**Dataset records:**
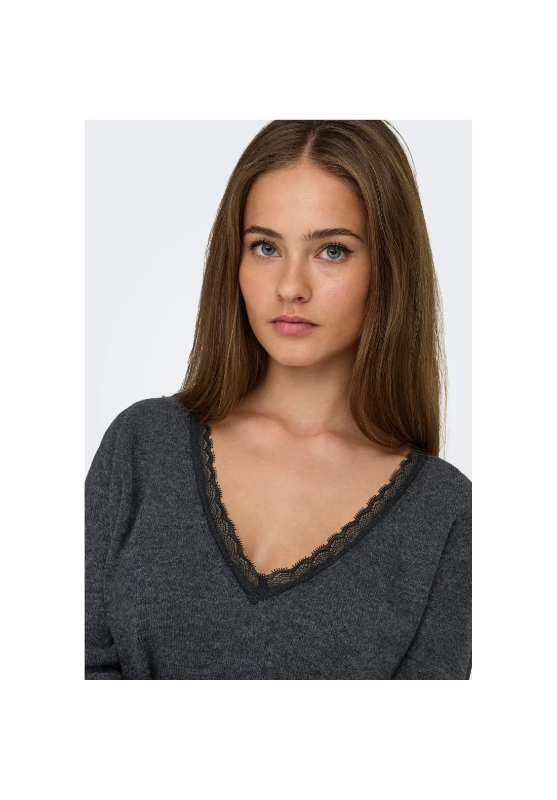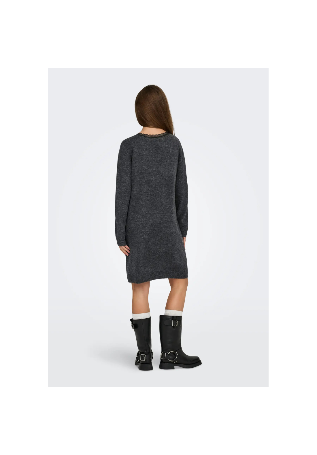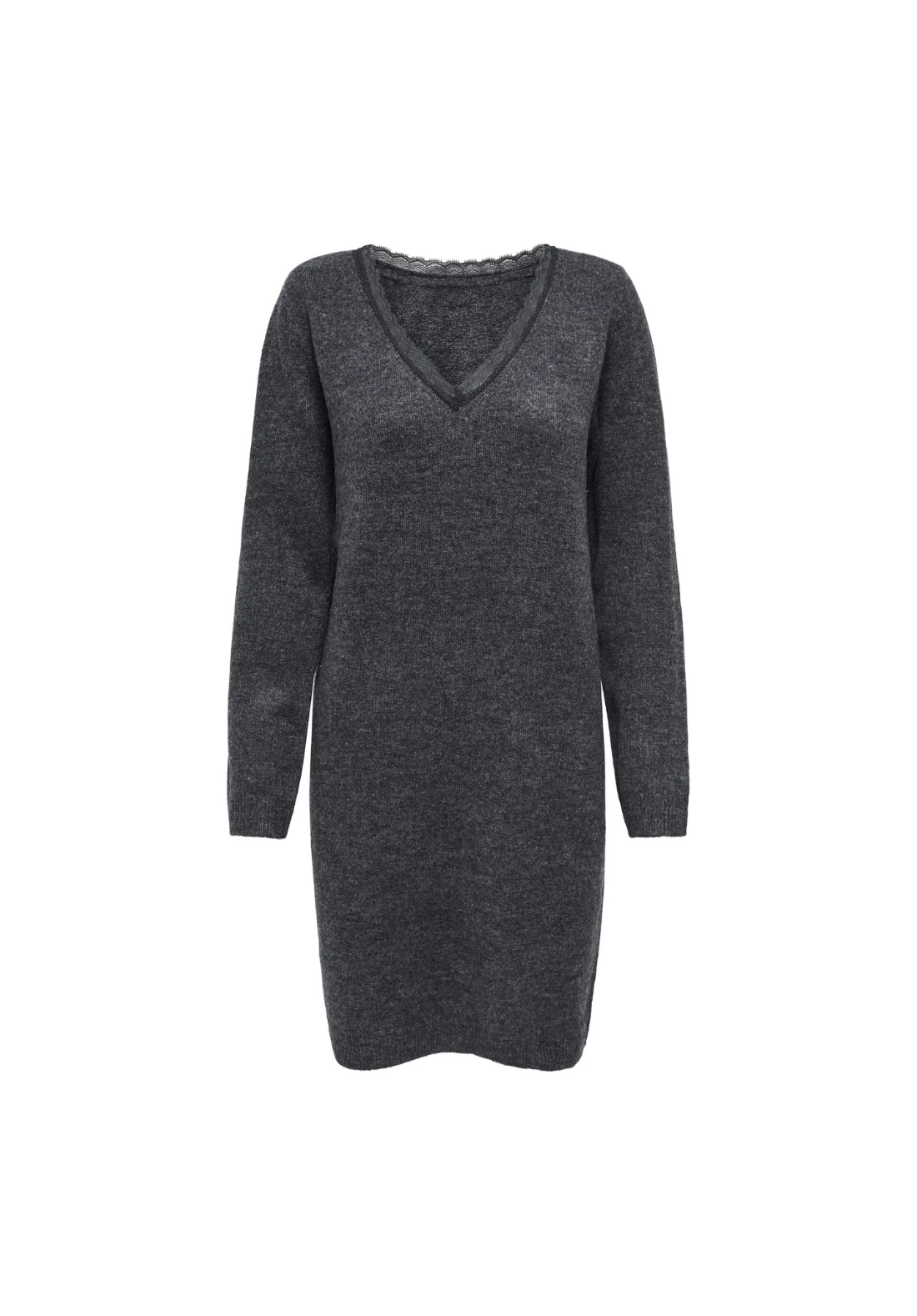 Vestido de punto, de manga larga y cuello en V. Es reversible y tiene detalle de encaje.
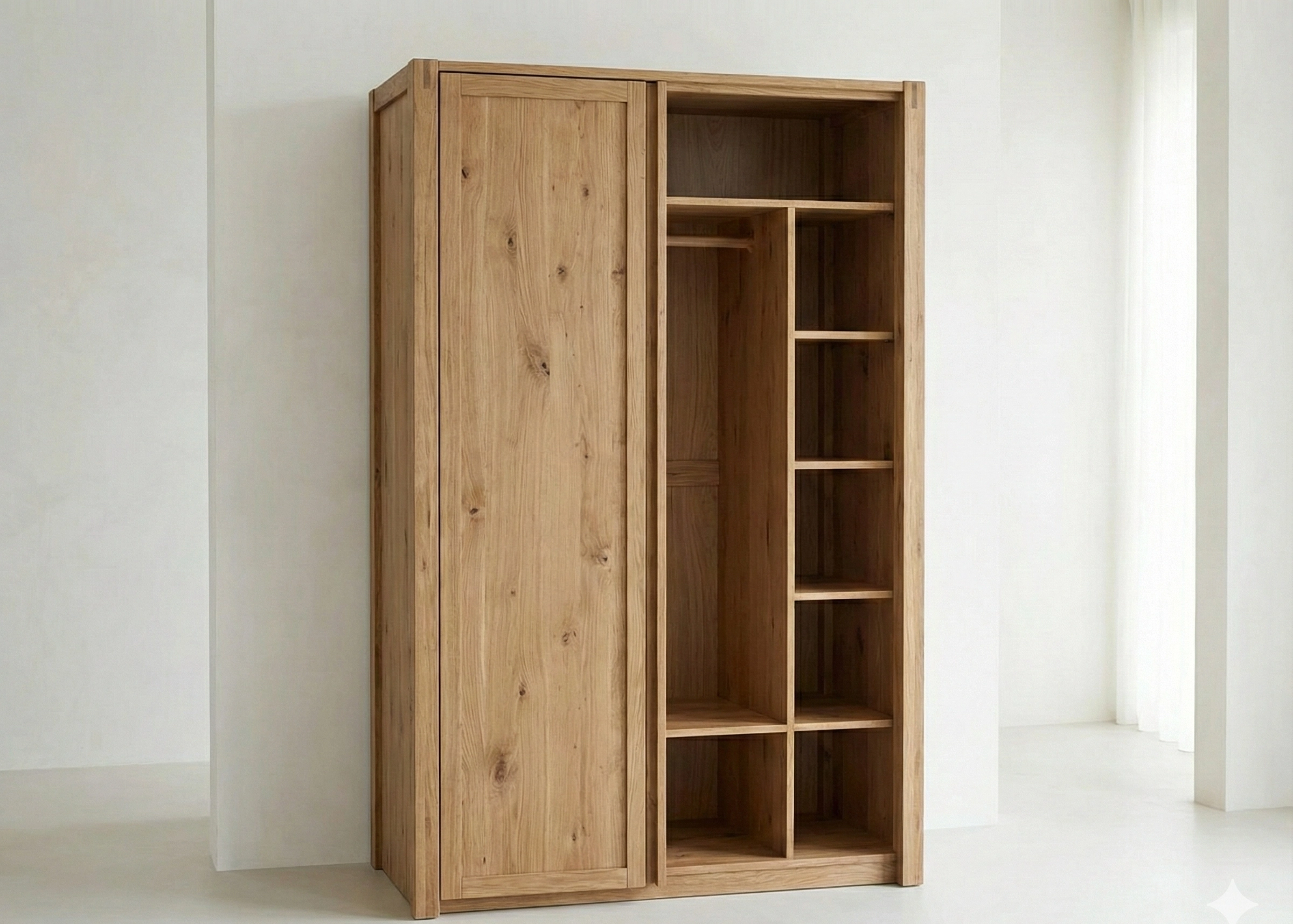 Шкаф из сосны на заказ — отличный выбор для спальни и детской. Внутренние полки и фасады из массива не выделяют вредных веществ, в отличие от ЛДСП. Но учтите: тяжёлые вещи на верхних полках лучше не хранить — сосна под нагрузкой может прогнуться, если толщина полки меньше 20–25 мм.
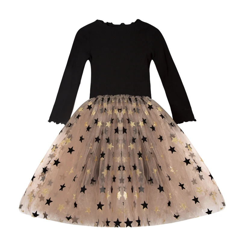Трикотажное платье принцессы для девочек, Тюлевая пачка с блестками, детская одежда для дня рождения, костюм с длинным рукавом и оборками, веснаосень
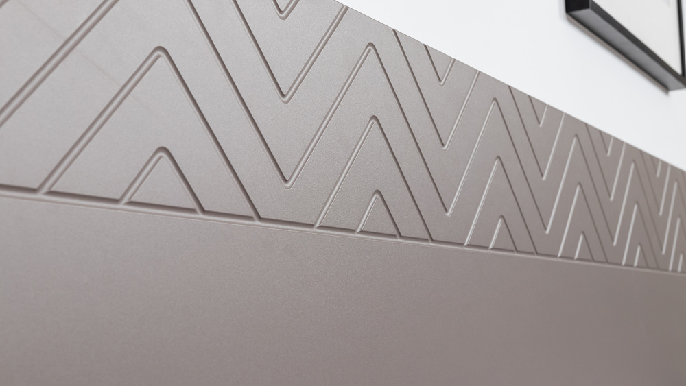 • Подвесные консоли и велюровый пуф в тон фасадов дополняют сдержанный и благородный облик спальни Амьен.
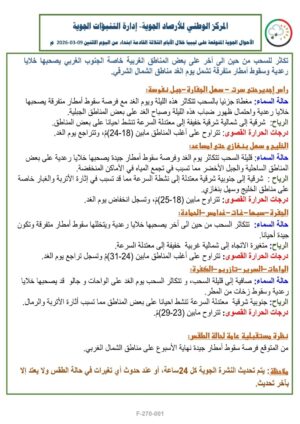 توقع مركز الأرصاد الجوية تكاثر السحب من حين إلى آخر على بعض المناطق الغربية خاصة الجنوب الغربي، مع نشاط خلايا رعدية وسقوط أمطار متفرقة، على أن تمتد هذه الحالة الجوية يوم الغد لتشمل مناطق الشمال الشرقي.
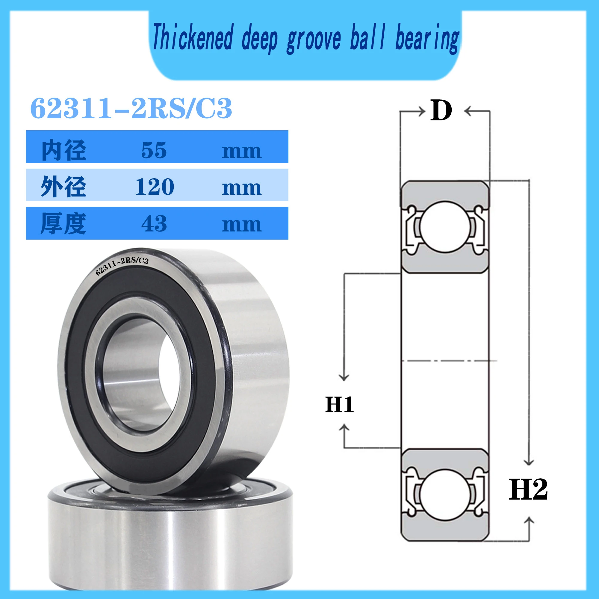 WZZG Thickened non-standard deep groove ball bearings 62311ZZ/2RS
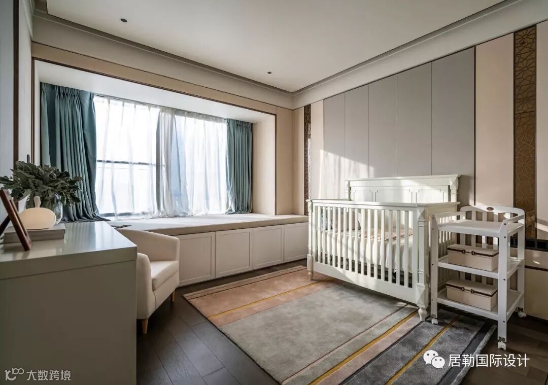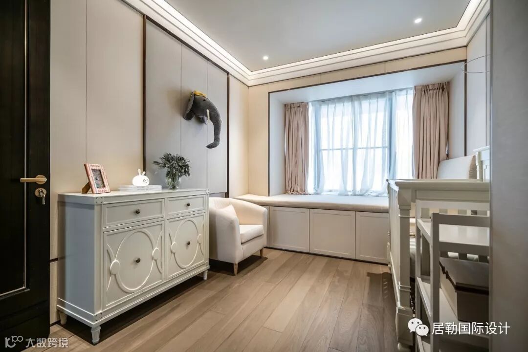两间婴儿房以淡粉与水蓝作为区隔,配备成对的婴儿床、衣橱,还有一件件童趣别致的玩具。在设计中,贯穿着对未来生活的考虑,为居住空间留有成长与进化的可能。婴儿房及儿童娱乐室均在背景墙的设计上做了预留手法,随着孩童的成长,家长只需将家具进行替换,无须进行二次装修。
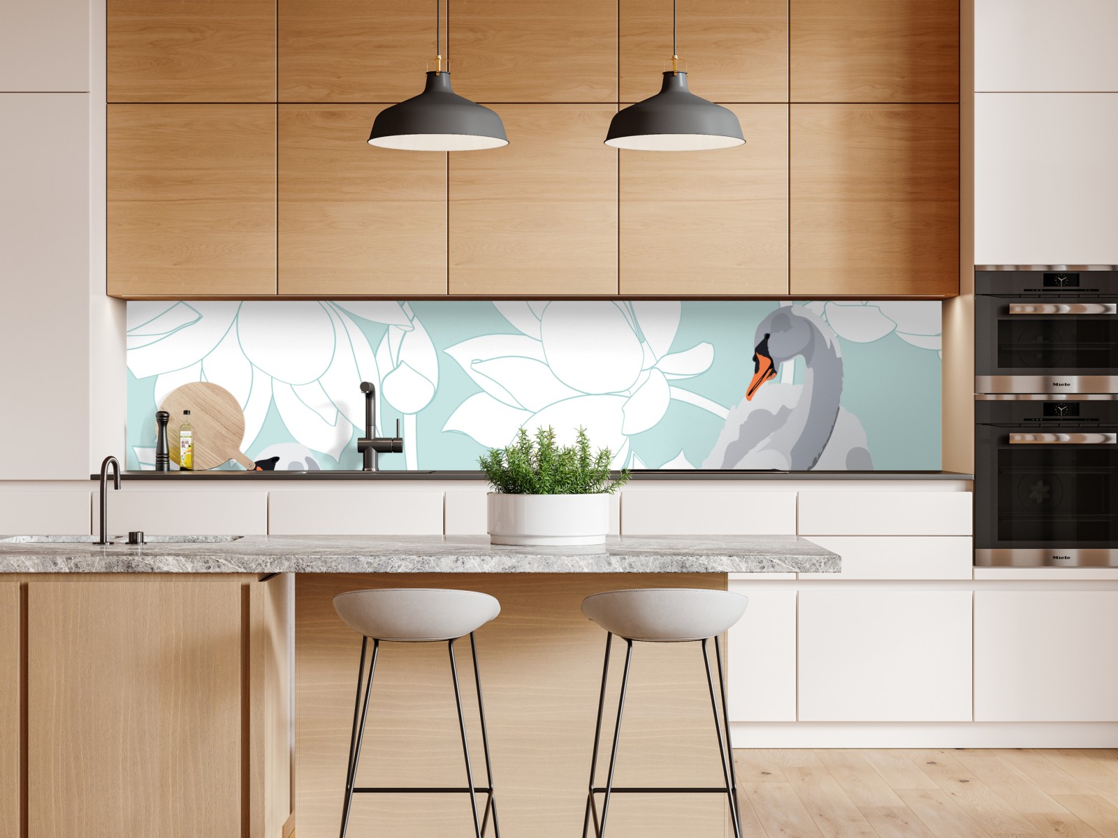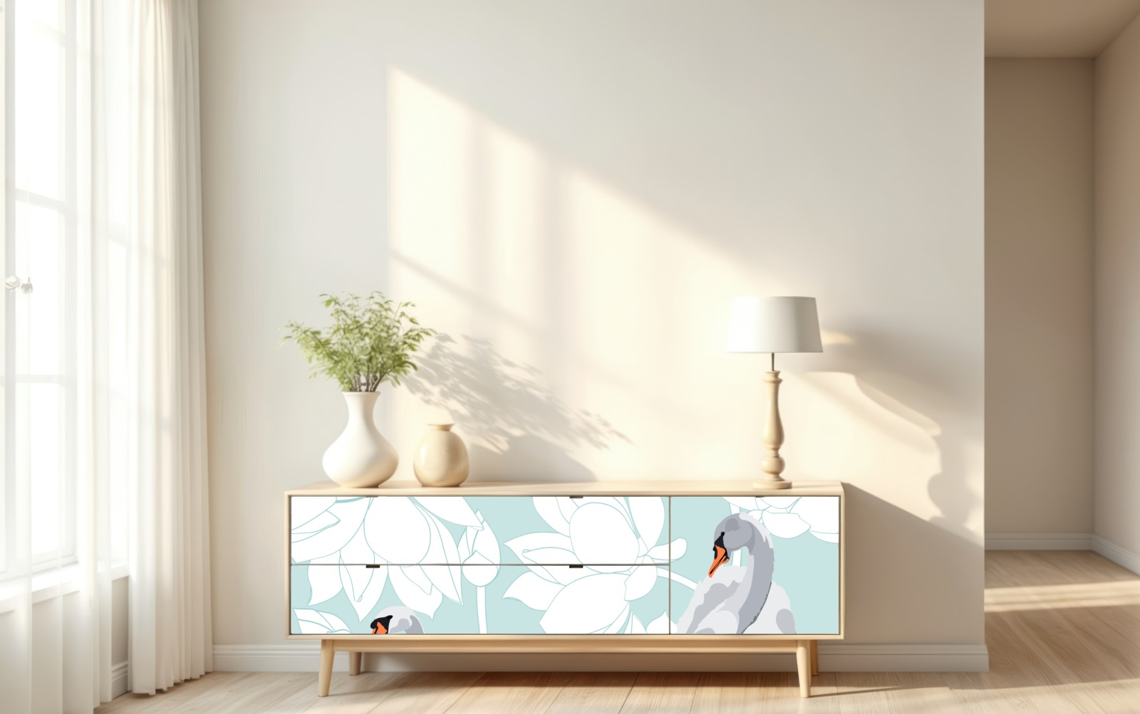 sanfte pastellschwäne gleiten zwischen lotusblüten und schaffen ein beruhigendes nahtloses muster ideal für ruhige wohnräume.
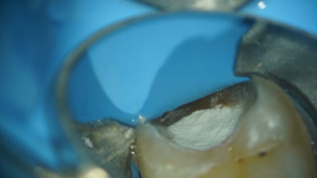虫歯削っていくと神経の穴が出ました。神経が生きているので歯髄温存療法を行いました。
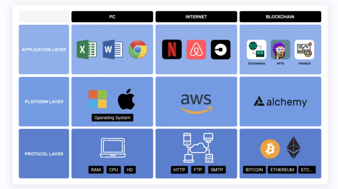 This background may explain Viswanathan and Lau's smooth confidence and seemingly boundless ambitions. The pair say their mission is to "help users get the magic of blockchain," by stripping away many of the technical complexities involving nodes, debugging, and so on. They are also eager to anoint themselves as integral to the next era of computing, sharing a graphic that shows them inheriting the pole position roles of Amazon and Microsoft:
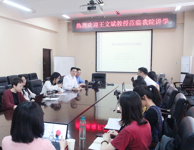 5月14日下午,北京外国语大学中国外语与教育研究中心王文斌教授受邀莅临米兰milan官方网站外国语学院,并于中心教学楼515会议室作了题为“英汉语内在性差异透析”的学术报告。外国语学院院长李京廉教授主持了本次报告会,副院长姜爱红教授、英语专业教研室、研究生英语教研室的教师和英语专业的本科生、研究生参加了此次讲座。
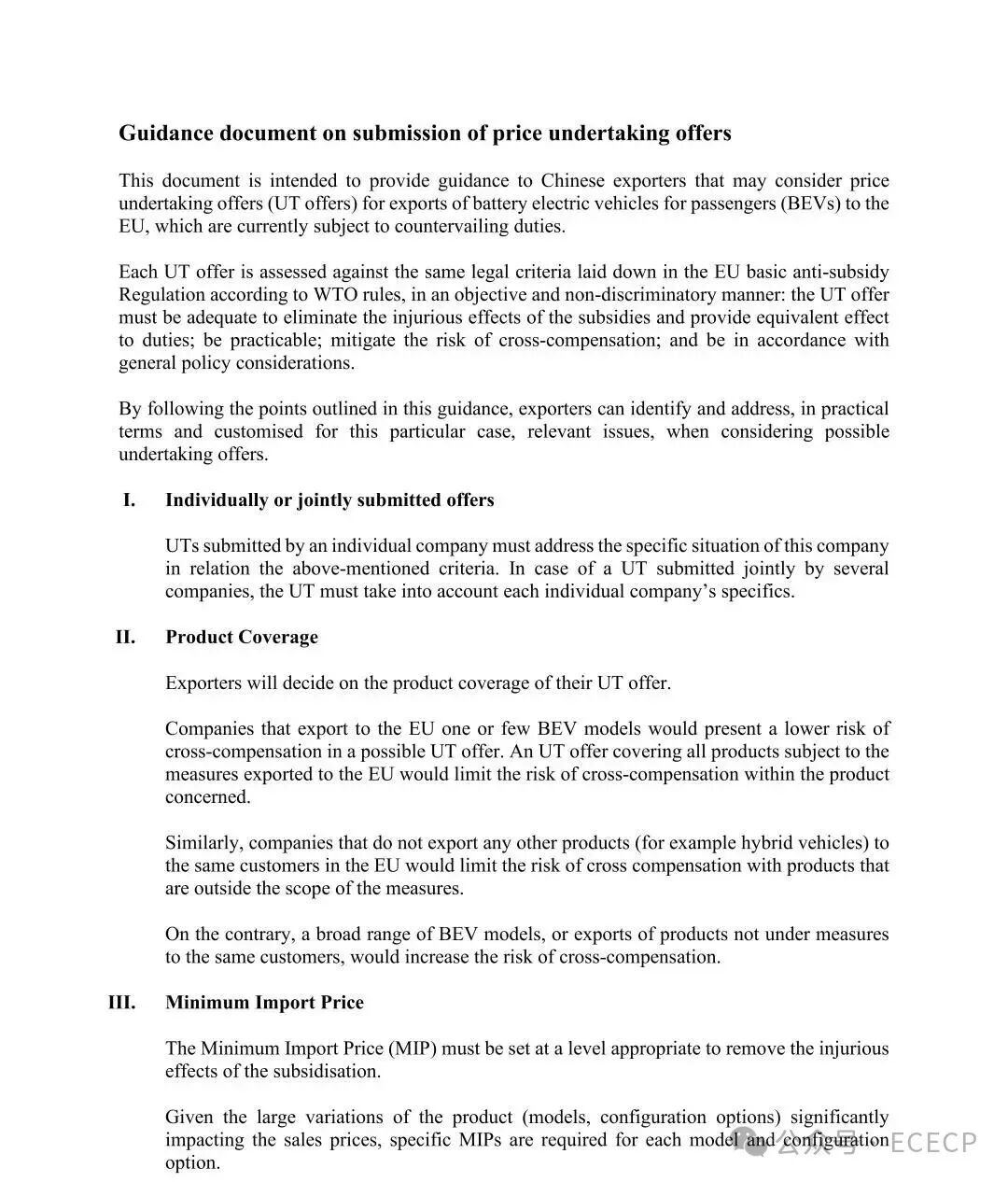 欧盟委员会2026年1月12日正式发布了关于对中国纯电动汽车(BEV)实施反补贴税背景下提交价格承诺申请的指导文件,作为中国出口商对欧提交价格承诺的通用指导框架。文件涵盖了价格承诺中需要重点说明的多项要素,包括最低进口价格、销售渠道、交叉补贴以及未来在欧盟的投资。欧盟委员会将秉持非歧视原则,对每一项价格承诺申请适用相同的法律标准,并以客观和公正的方式进行评估。

**Work item:** The data is to be restated word for word, with any pictures set aside.

**Answer space:**
 Vestido de punto, de manga larga y cuello en V. Es reversible y tiene detalle de encaje.
 Шкаф из сосны на заказ — отличный выбор для спальни и детской. Внутренние полки и фасады из массива не выделяют вредных веществ, в отличие от ЛДСП. Но учтите: тяжёлые вещи на верхних полках лучше не хранить — сосна под нагрузкой может прогнуться, если толщина полки меньше 20–25 мм.
Трикотажное платье принцессы для девочек, Тюлевая пачка с блестками, детская одежда для дня рождения, костюм с длинным рукавом и оборками, веснаосень
 • Подвесные консоли и велюровый пуф в тон фасадов дополняют сдержанный и благородный облик спальни Амьен.
 توقع مركز الأرصاد الجوية تكاثر السحب من حين إلى آخر على بعض المناطق الغربية خاصة الجنوب الغربي، مع نشاط خلايا رعدية وسقوط أمطار متفرقة، على أن تمتد هذه الحالة الجوية يوم الغد لتشمل مناطق الشمال الشرقي.
 WZZG Thickened non-standard deep groove ball bearings 62311ZZ/2RS
两间婴儿房以淡粉与水蓝作为区隔,配备成对的婴儿床、衣橱,还有一件件童趣别致的玩具。在设计中,贯穿着对未来生活的考虑,为居住空间留有成长与进化的可能。婴儿房及儿童娱乐室均在背景墙的设计上做了预留手法,随着孩童的成长,家长只需将家具进行替换,无须进行二次装修。
 sanfte pastellschwäne gleiten zwischen lotusblüten und schaffen ein beruhigendes nahtloses muster ideal für ruhige wohnräume.
虫歯削っていくと神経の穴が出ました。神経が生きているので歯髄温存療法を行いました。
 This background may explain Viswanathan and Lau's smooth confidence and seemingly boundless ambitions. The pair say their mission is to "help users get the magic of blockchain," by stripping away many of the technical complexities involving nodes, debugging, and so on. They are also eager to anoint themselves as integral to the next era of computing, sharing a graphic that shows them inheriting the pole position roles of Amazon and Microsoft:
 5月14日下午,北京外国语大学中国外语与教育研究中心王文斌教授受邀莅临米兰milan官方网站外国语学院,并于中心教学楼515会议室作了题为“英汉语内在性差异透析”的学术报告。外国语学院院长李京廉教授主持了本次报告会,副院长姜爱红教授、英语专业教研室、研究生英语教研室的教师和英语专业的本科生、研究生参加了此次讲座。
 欧盟委员会2026年1月12日正式发布了关于对中国纯电动汽车(BEV)实施反补贴税背景下提交价格承诺申请的指导文件,作为中国出口商对欧提交价格承诺的通用指导框架。文件涵盖了价格承诺中需要重点说明的多项要素,包括最低进口价格、销售渠道、交叉补贴以及未来在欧盟的投资。欧盟委员会将秉持非歧视原则,对每一项价格承诺申请适用相同的法律标准,并以客观和公正的方式进行评估。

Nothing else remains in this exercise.